Updated in [March 06th, 2023]
What skills and knowledge will you acquire during this course?
The skills and knowledge that will be acquired during this course include:
- Understanding and applying matrix algebra in the context of linear models
- Using matrix operations to represent and analyze differences between experimental units
- Performing statistical inference on these differences
- Utilizing the R programming language for matrix operations
- Gaining proficiency in advanced statistical concepts such as hierarchical models
- Developing advanced software engineering skills, including parallel computing and reproducible research concepts
- Applying statistical and programming knowledge to analyze high-dimensional data
- Learning about experimental design and analysis of high-throughput experiments
- Familiarizing oneself with the Bioconductor package for genomics data analysis.
How does this course contribute to professional growth?

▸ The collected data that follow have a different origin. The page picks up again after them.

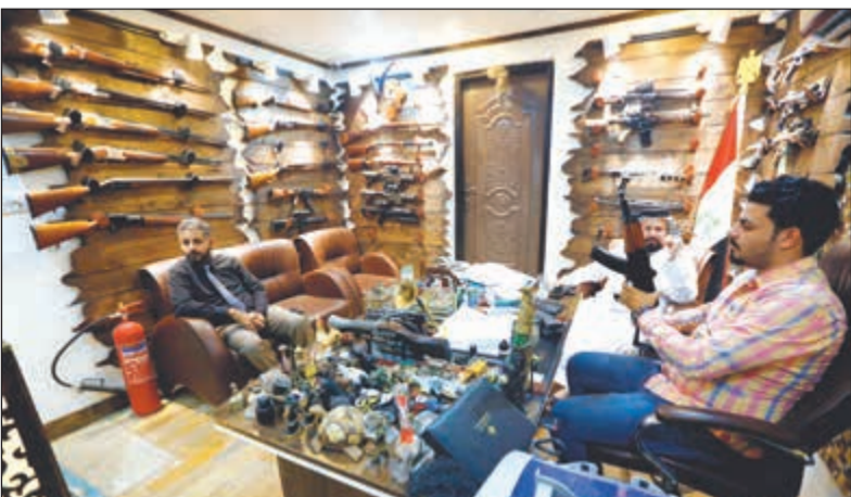
عراقي يبيع أسلحة اتوماتيكية في بغداد

وهنا يرى محللون أن تصريحات حيدر العبادي الخاصة بموقف العراق من العقوبات الأميركية عتية الـ 165. غير أن المكونات السنية والكردية التي تعاني من التشرذم بذاتها لم تحضر الاجتماع الذي تخلله هذا الإعلان. لكن ذلك أصبح أكثر صعوبة مع مفاجأة البيان الصادر عن مستشار الأمن الوطني (الأمين العام لـ «حركة عطاء») فالح الفيض،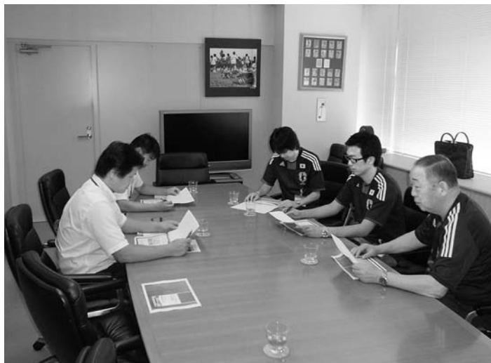
▲サッカー協会訪問の様子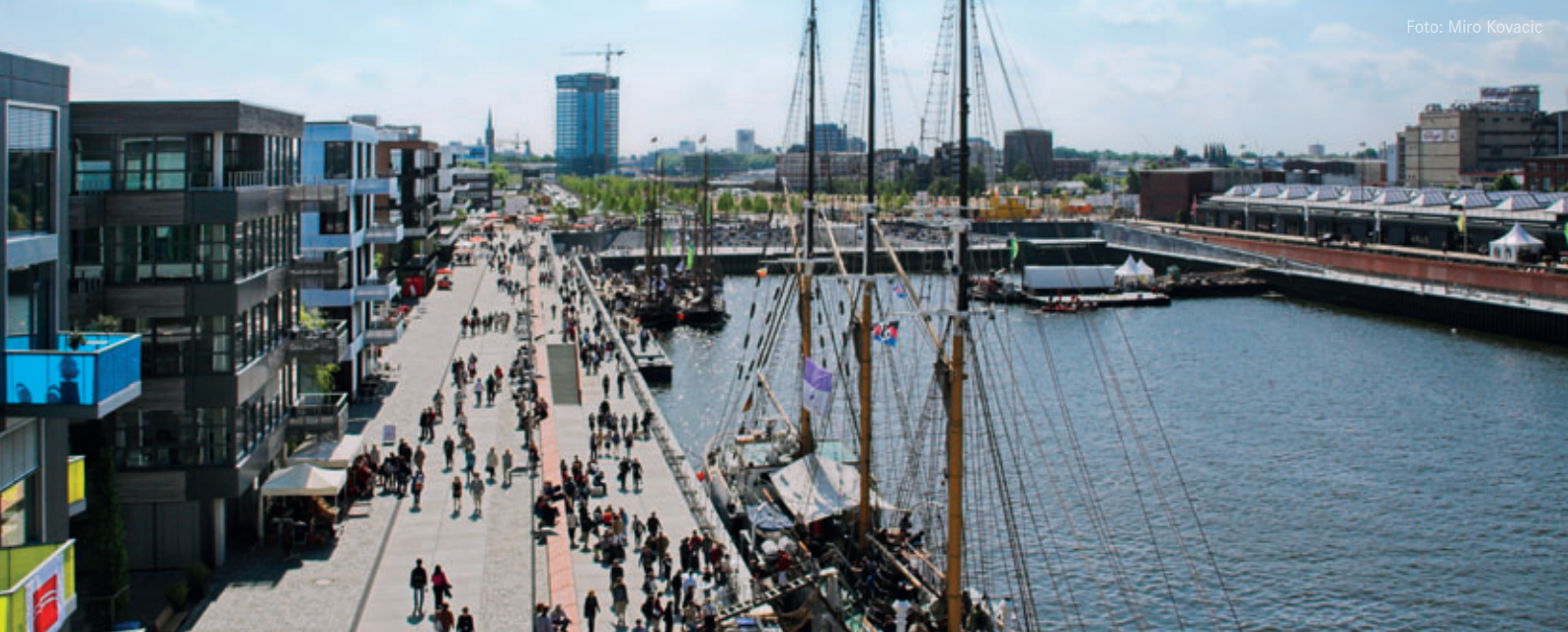
Blick auf den Europahafen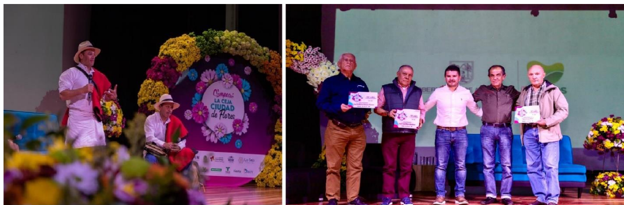
Imagen 14: Desarrollo Simposio La Ceja, ciudad de Flores, en el marco de las fiestas tradicionales. Teatro Municipal

En este marco también realizó reconocimiento a la tradición silletera propia de la cultura de las flores y a los ingenieros que hicieron parte del asentamiento de la industria floricultora en el municipio, hace 50 años. Este espacio tuvo el apoyo de los principales cultivos de flores que hacen presencia en el municipio, así como AsoColflores, Grupo Geffa, Gobernación de Antioquia, Fenalco, Natural Control, Invest in Oriente, entre otros.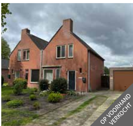
Oostersingel 21, Bellingwolde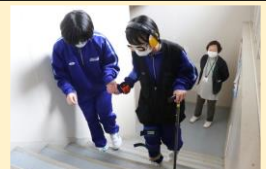
<障がい者理解体験>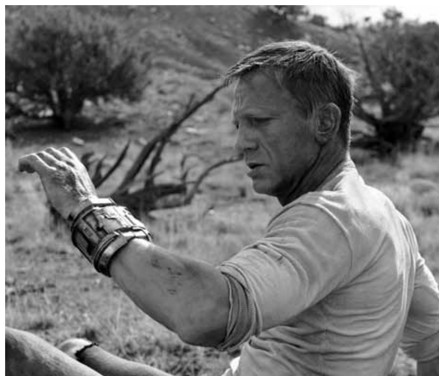
Hat gerade einen kleinen Anachronismus erlebt : Daniel Craig in „Cowboys & Aliens“. Neu im Utopolis, CinéBelval und Starlight.

Trotz ihrer Heirat werden Justines Depressionen stärker und sie zieht zu ihrer Schwester Claire auf deren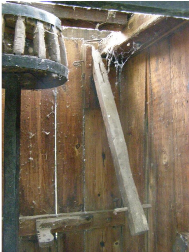
A sérült fékszalag és fékkar.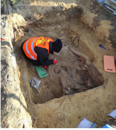
Prace ekshumacyjne w obrębie grobu wojennego, listopad 2020 r.

The course "Introduction to Linear Models and Matrix Algebra" contributes to professional growth by providing knowledge and skills in matrix algebra, statistical inference, and data analysis. It teaches students how to represent linear models using matrix algebra, which is a fundamental tool in experimental design and the analysis of high-dimensional data. The course also introduces students to the R programming language, which is commonly used for performing matrix operations and statistical analysis. By the third course, advanced statistical concepts such as hierarchical models are taught, and by the fourth course, advanced software engineering skills such as parallel computing and reproducible research concepts are covered. This course is part of two Professional Certificates, namely "Data Analysis for Life Sciences" and "Genomics Data Analysis," which can further enhance one's professional credentials. The course is self-paced, allowing students to learn at their own convenience. The class has received support from NIH grant R25GM114818.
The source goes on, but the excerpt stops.